OPINION – The boy’s mother was at her wit’s end. Glancing around the crowded restaurant she spied a highway patrolman walking past and motioned him over.
As he approached the table, the mother said to the boy, “Jimmy, you better eat all of your peas, if you want to grow up big and strong like the policeman.”
The trooper smiled down at the wide-eyed youngster, drew himself up to his full height and said, “Jimmy, I’m six foot four and two hundred forty pounds. I hate peas and I’ve never eaten a single one in my entire life.”
The inner tyrant exists in all of us. It’s the self important little dictator that justifies our desire to impose our will on others by any means necessary.
It’s simple to spot this quality in others. Seeing it in oneself is another matter entirely.
One of the biggest indicators that our marching orders are coming from the inner tyrant is when self-righteousness replaces empathy for others. Concepts like the Golden Rule and “live and let live” are discarded. When the only thing that truly matters is getting our way, it’s easy to treat others like objects instead of individuals who matter as much as we do.
As blogger Eric Peters often points out, the inner tyrant is “possessed of superior knowledge in all things. He knows it. His irrationality is his most formidable weapon – because it end-runs reason, logic, principle – and thereby, morality based on natural law. He will force you to do it.”
When something offends us, do we, like Jimmy’s mother, reach for someone in authority to force a solution in our favor? Do we use the law as an excuse to punish others simply because we can?
Writer Karen De Coster tells of an incident in which, traveling alone, she momentarily stepped away from one of her bags at the airport. Though her bag was just a few steps away, a woman approached her and told her that security was looking for her for leaving her bag unattended. As De Coster made her way to the gate to board her flight this woman relentlessly pursued her, determined to alert security.
The airport busybody was energized by the prospect of ruining De Coster’s day for the imagined breach of a bureaucratic rule. Rather than seeking to free us from inane rules or laws, our inner tyrant prefers to force others to obey.
But this is not surprising. It has been understood for generations.
In 1925 H.L. Mencken wrote: “One of the main purposes of laws in a democratic society is to put burdens upon intelligence and reduce it to impotence. Ostensibly, their aim is to penalize anti-social acts; actually their aim is to penalize heretical opinions. At least 95 Americans out of every 100 believe that this process is honest and even laudable; it is practically impossible to convince them that there is anything evil in it. In other words, they cannot grasp the concept of liberty.”
Our inner tyrant is not only drunk on an inflated sense of importance but also loves a good contact high from the state’s authority.
The state provides the mechanism of force for those with the irresistible desire to control others. This is why our inner tyrant thrills to hear words like “we” and “the public” or “the common good.” These words represent an appeal to force by which individuals are brought to heel.
Again Eric Peters summarizes the sad truth, “Because there is nothing in this life more indecent than the urge to dominate and control other people. It is the primal sin, if you like, from which all others follow. Every theft, every assault, every murder – including mass murder – derives from the urge to control.”

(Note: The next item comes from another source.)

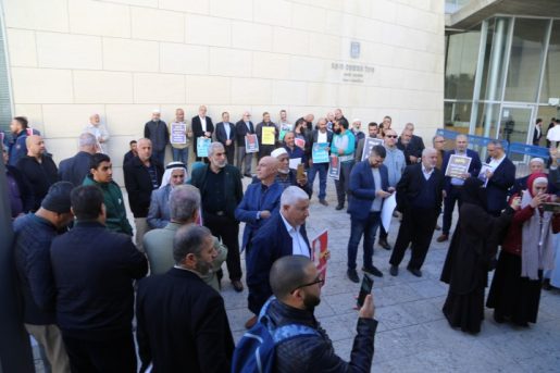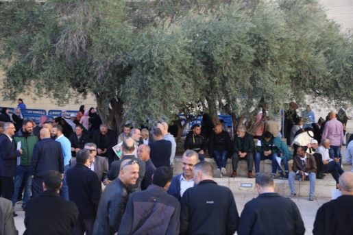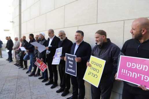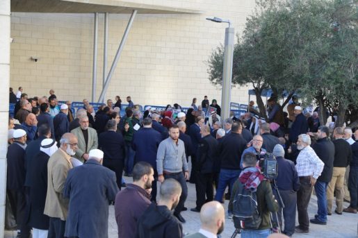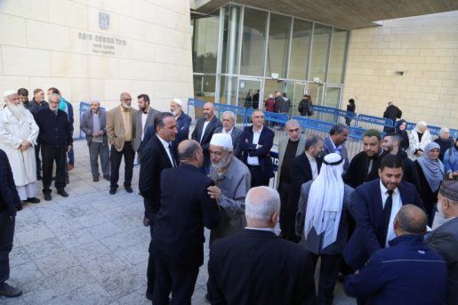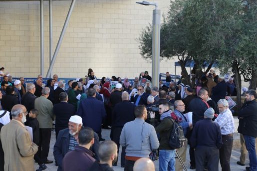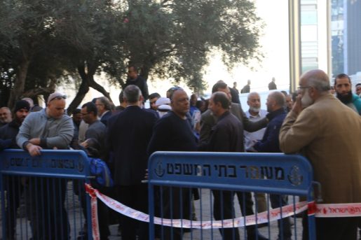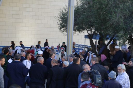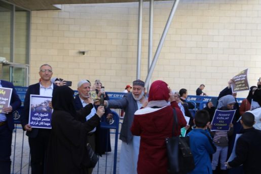 وشهد محيط مبنى المحاكم في حيفا، حضورا حاشد من القيادات والأهالي من مختلف البلدات العربية في الداخل الفلسطيني، بعد مقاطعة الجلسة داخل القاعة، احتجاجا على قرار الشرطة وإدارة المحاكم السماح فقط لعشرين شخصا، بحضور الجلسة.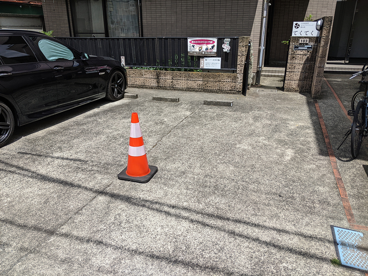 当院の専用駐車場に勝手に車を停めてしまう方がいるため 駐車スペースにカラーコーン...

So how do we topple the inner tyrant?
It begins with the understanding that freedom is an indivisible commodity. If we wish to freely make our own choices and pursue our own happiness, we must allow others to do so as well. This includes those who make peaceful choices with which we disagree.
We may seek to persuade them to different choices, or we may simply choose to avoid them altogether. But, in the absence of a victim, force should never be an option—whether it be our own or borrowed from the state.
Our inner tyrant deserves no more than a speedy trial, conviction, and permanent banishment.